The strings in the UtfString library have been designed to be as similar as possible to the STL strings. As a result, UtfStrings are initialized much like the STL strings.

First of all, a UtfString can be constructed but not initialized, which creates an empty string

Utf8String utf8String;
Utf16String utf16String;

UtfString constructors accept a variety of commonly-used string data types, including const char*, std::string, const wchar_t*, etc. UtfStrings can be initialized using these data types.. The exact data types can be determined by looking at the Utf8String and Utf16String constructors. Note that both Utf8String and Utf16String constructors accept accept similar types of strings, but there are small differences between them. Utf16String constructors, for example, accept more 16-bit string types than Utf8String constructors, since it is much more likely that 16-bit string types will be passed to Utf16String . Even if you wish to initialize a Utf8String with a more obscure 16-bit string data type, it can easily be done by passing it to a Utf16String constructor and then passing the Utf16String instance to Utf8String .
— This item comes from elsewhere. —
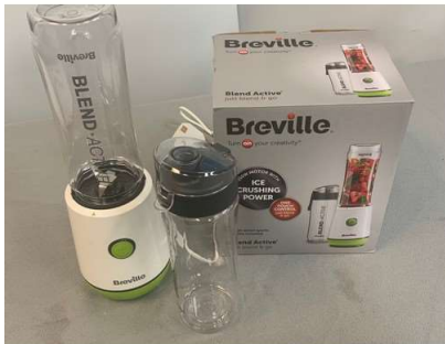
111. V - BREVILLE BLEND ACTIVE 350W MODEL SK83GQ

Initialization and assigning are done in pretty much the same way. The only significant difference is that the string instance is declared during initialization.

//Example of initialization
Utf8String utf8String = "A string";
//Example of assignment
utf8String = "Another string";

Here are some examples of initialization and assignment. Please read the commentary carefully, as it may save you from some painful mistakes.

First off, let's start by initializing some strings with an ordinary ASCII string constant.

//Initialize Utf8String using an ordinary ASCII string constant
Utf8String utf8String = "This is a simple string";
//Initialize Utf16String using an ordinary ASCII string constant
Utf16String utf16String = "This is a simple string";

After the initialization, both strings will contain the same string, with utf8String storing the string as 8-bit UTF-8 code units, and utf16String storing the string as 16-bit UTF-16 code units. The encodings are different, but the two strings are equal to each other, since the Unicode characters (the code points) are the same.

Now we're going to assign a bunch of Unicode characters that are clearly not ASCII characters The source file containing this code has to be saved in a format that will preserve the characters, such as UTF-8 or UTF-16. If saved in a format that just stores 8-bit ASCII or ANSI characters, these characters will be converted in the source file to some other characters that fit in the encoding, and the string will be transformed into something different. So if you use characters not found in ASCII, make sure that you save the source code file as UTF-8 or UTF-16.

utf8String = "ωE4ڽhъ"
utf16String = "ωE4ڽhъ"

The fourth character is some sort of Arabic character that may or may not display properly depending on which browser you are using to view this code and what sort of characters your operating system and/or browser are capable of displaying. It may be displayed properly (looks a little like the character "Ü") or it may be displayed as question mark or rectangle.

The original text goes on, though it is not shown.